Keywords: Chronic alcohol consumption, Postsurgical pain, AMPA receptor phosphorylation, Pain chronification

Introduction

Both alcohol use and pain are highly prevalent in the world. Although low-to-moderate alcohol consumption may inhibit the development of chronic pain [1, 2], excessive alcohol consumption could be associated with the onset of different painful conditions [3, 4]. An integrative review has indicated that chronic alcohol drinking appears to produce deleterious pain-related outcomes (e.g., greater pain severity) [5]. However, the mechanisms underlying the interrelations between pain and alcohol drinking remain to be illustrated.

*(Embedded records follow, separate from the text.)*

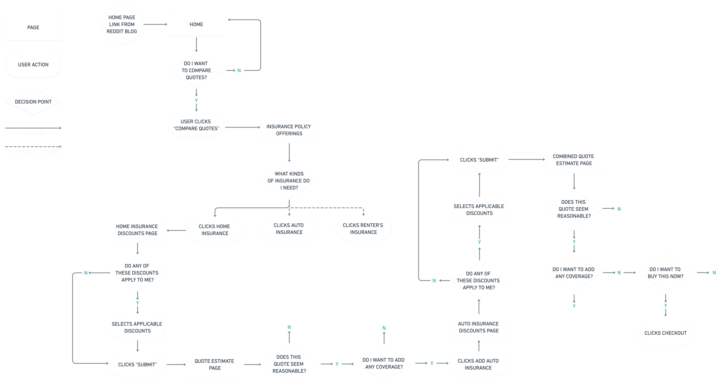 A crucial interaction for an e-commerce service is how users move through the site to bundle and purchase an insurance policy. I began to study the users experience of purchasing an insurance plan by stepping through the site map as a potential customer. Once a quote has been calculated, the checkout flow is very similar to that of any e-commerce website (collecting payment information). Up until this point there are opportunities to customize policy coverage if needed.
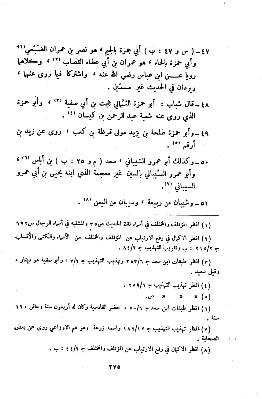 : أَبِي جَمْرَةَ بِالْجِيمِ، هُوَ نَصْرُ بْنُ عِمْرَانَ الضُّبَعِيُّ، وَأَبِي حَمْزَةَ بِالْحَاءِ، هُوَ عِمْرَانُ بْنُ أَبِي عَطَاءٍ الْقَصَّابُ، وَكِلَاهُمَا رَوَيَا عَنِ ابْنِ عَبَّاسٍ رَضِيَ اللَّهُ عَنْهُ، وَاشْتَرَكَا فِيمَا رَوَى عَنْهُمَا، وَيَرِدَانِ فِي الْحَدِيثِ غَيْرُ مُسَمَّيْنِ قَالَ شَبَابٌ: أَبُو حَمْزَةَ الثُّمَالِيُّ ثَابِتُ بْنُ أَبِي صَفِيَّةَ، وَأَبُو حَمْزَةَ الَّذِي رَوَى عَنْهُ شُعْبَةُ: عَبْدُ الرَّحْمَنِ بْنُ كَيْسَانَ وَأَبُو حَمْزَةَ طَلْحَةُ بْنُ يَزِيدَ مَوْلَى قَرَظَةَ بْنِ كَعْبٍ، رَوَى عَنْ زَيْدِ بْنِ أَرْقَمَ وَكَذَلِكَ أَبُو عَمْرٍو الشَّيْبَانِيُّ سَعْدُ بْنُ إِيَاسَ، وَأَبُو عَمْرٍو السَّيْبَانِيُّ بِالسِّينِ غَيْرِ مُعْجَمَةِ الَّذِي ابْنُهُ يَحْيَى بْنُ أَبِي عَمْرٍو السَّيْبَانِيُّ وَشَيْبَانُ مِنْ رَبِيعَةَ، وَسَيْبَانُ مِنَ الْيَمَنِ
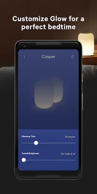 Solid app with a nice design that fits the Casper brand. However, there are a few things I feel should be changed/removed. - The alternating text stating that the glow is perfoming an action, I feel it would be better if it just stated which action is occuring and the time remaining instead of a long sentence saying 'Glow is gradually doing X' etc - The splashscreen is unnecessarily long and should be reduced or removed entirely. Animation is great but the logo is overkill in terms of length
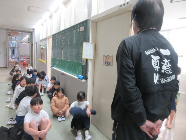 今日は寒い日になりました。運動場を元気に走っている1年生、元気な声が聞こえてきました。走った後は整列・・・上手になりましたね。
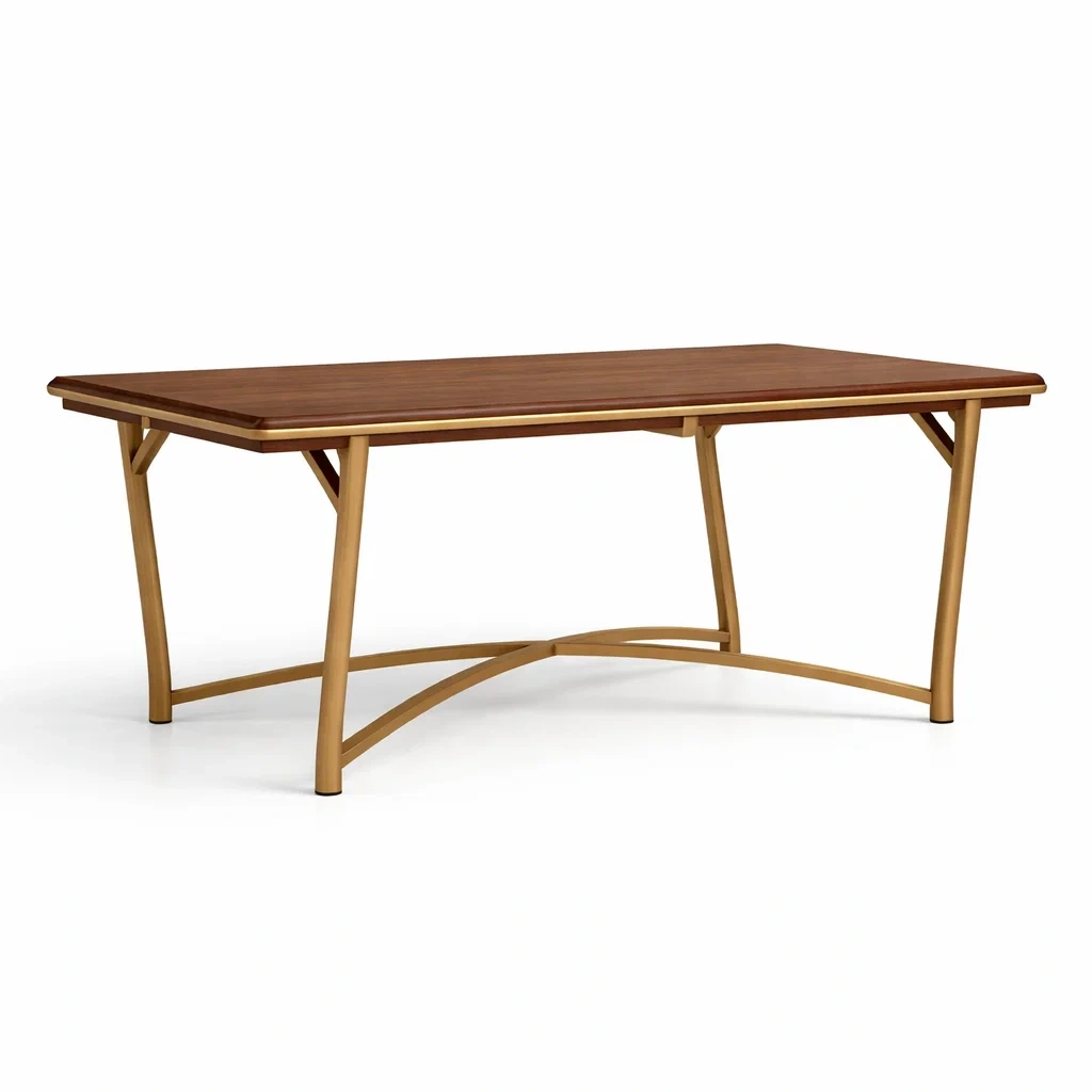 Materiale: Piano in noce, struttura in acciaio verniciato dorato

It has been demonstrated that chronic alcohol consumption produces a sustained increase in stress hormones (epinephrine and corticosterone) and induces painful peripheral neuropathy [6]. On the other hand, stress hormones have been shown to play an important role in α-amino-3-hydroxy-5-methyl-4-isoxazolepropionic acid (AMPA) receptor phosphorylation and trafficking in the central nervous system (CNS) [710]. AMPA receptor phosphorylation contributes to synaptic plasticity in the CNS [11], and stress hormone-enhanced AMPA receptor phosphorylation facilitates long-term potentiation induction [8], which is the basis for central sensitization during chronic pain. Our previous study [10] suggests that increased spinal AMPA receptor phosphorylation underlies stress-induced transition from acute to chronic pain [10]. In the present study, we examined whether chronic alcohol consumption affects plantar incision-induced postsurgical pain by regulating AMPA receptor phosphorylation. We also used AMPA receptor phospho-deficient mutant mice to further investigate the relationship between chronic alcohol consumption and pain chronification after surgery.

Materials and Methods

Animals

C57BL/6 male wild-type (WT) mice were purchased from Charles River Laboratories (Chicago, IL); AMPA receptor GluA1 S831A phospho-deficient mutant mice with C57BL/6 background [11] were obtained from Dr. Richard Huganir’s Laboratory at Johns Hopkins University School of Medicine. All animals weighing 25–30 g were housed up to four per cage on a standard 12-h light/dark cycle, with water and food pellets available ad libitum. All efforts were made to minimize pain or discomfort and to reduce the number of animals used. All animal procedures were carried out in accordance with the National Institutes of Health guide for the care and use of laboratory animals and were approved by the Texas A&M University College of Dentistry Institutional Animal Care and Use Committee.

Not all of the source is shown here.